Build me a son whose wishbone will not be where his backbone should be; a son who will know Thee and that to know himself is the foundation stone of knowledge.

Lead him I pray, not in the path of ease and comfort but under the stress and spur of difficulties and challenge. Here let him learn to stand up in the storm; here let him learn compassion for those who fail.

Build me a son whose heart will be clean, whose goal will be high; a son who will master himself before he seeks to master others; one who will learn to laugh yet never forget how to weep; one who will reach into the future and yet never forget the past.

And After all these things are his, add, I pray. enough of a sense of humour, so that he may always be serious, yet never take himself too seriously. Give him humility, so that he always remember the simplicity of greatness, the open mind of true wisdom, the meekness of true strength.

Then I his father, will dare to whisper, I have not lived in vain.”

SAMPLE PRAYER OF BLESSING

Oh God, our heavenly Father, on behalf of (parents), we approach your throne of grace to present their new born child , (name of child) for a blessing.

We thank you for opportunities such as this that allow us to seek you out for a particular blessing. We know that the blessing of children is important for their development in righteous living. This was demonstrated so very clearly as your Son took the children into his arms and placed his hands upon them and blessed them.

We are also very thankful for the life of this child, (name of child). He is culmination of the love between his parents and as co-creators with you they proudly present him this day for your blessing.

As we consider this child’s future we realize that there remains so much that is so uncertain. We know that there will be many trials and tribulations , but we also know that if he follows a path of righteousness and if he receives proper training and instruction, he will grow into a mature, loving, caring and responsible person.

We pray Father, that he may develop a respect for his parents and others. May he always bring joy and happiness into others lives. May he learn to depend on you in times of despair and sadness. But also may he acknowledge you during the happy and joyous times in his life.

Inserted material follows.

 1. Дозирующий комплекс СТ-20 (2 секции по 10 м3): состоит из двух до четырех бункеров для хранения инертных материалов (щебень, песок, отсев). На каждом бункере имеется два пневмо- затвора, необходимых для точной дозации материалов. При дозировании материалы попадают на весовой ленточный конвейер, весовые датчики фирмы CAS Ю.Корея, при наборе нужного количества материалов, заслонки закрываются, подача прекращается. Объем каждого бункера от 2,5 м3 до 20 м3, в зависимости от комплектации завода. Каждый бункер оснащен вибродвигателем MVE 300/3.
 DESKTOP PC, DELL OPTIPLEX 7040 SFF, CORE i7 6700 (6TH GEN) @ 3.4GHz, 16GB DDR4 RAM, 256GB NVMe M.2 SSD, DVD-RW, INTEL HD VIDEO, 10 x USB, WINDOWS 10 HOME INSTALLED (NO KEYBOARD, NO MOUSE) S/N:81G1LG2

And so father we ask you to bless (name of child) with those gifts that will enable him to meet the challenges of life. May he always know that you love him and care for him as you do for all people.

May you bless (parents). Grant them the wisdom and courage to always seek what is best for (name of child). May they also know that you are always there to support them, love them and help them in their efforts to be kind loving parents.

And lastly may we, as his peers and elders, always be responsible in our associations with (name of child) May we always set a good example for him. May we be there to support and love him.

Father, we praise you for all things in life that are good. We praise you today for this child. May your blessing always be upon him.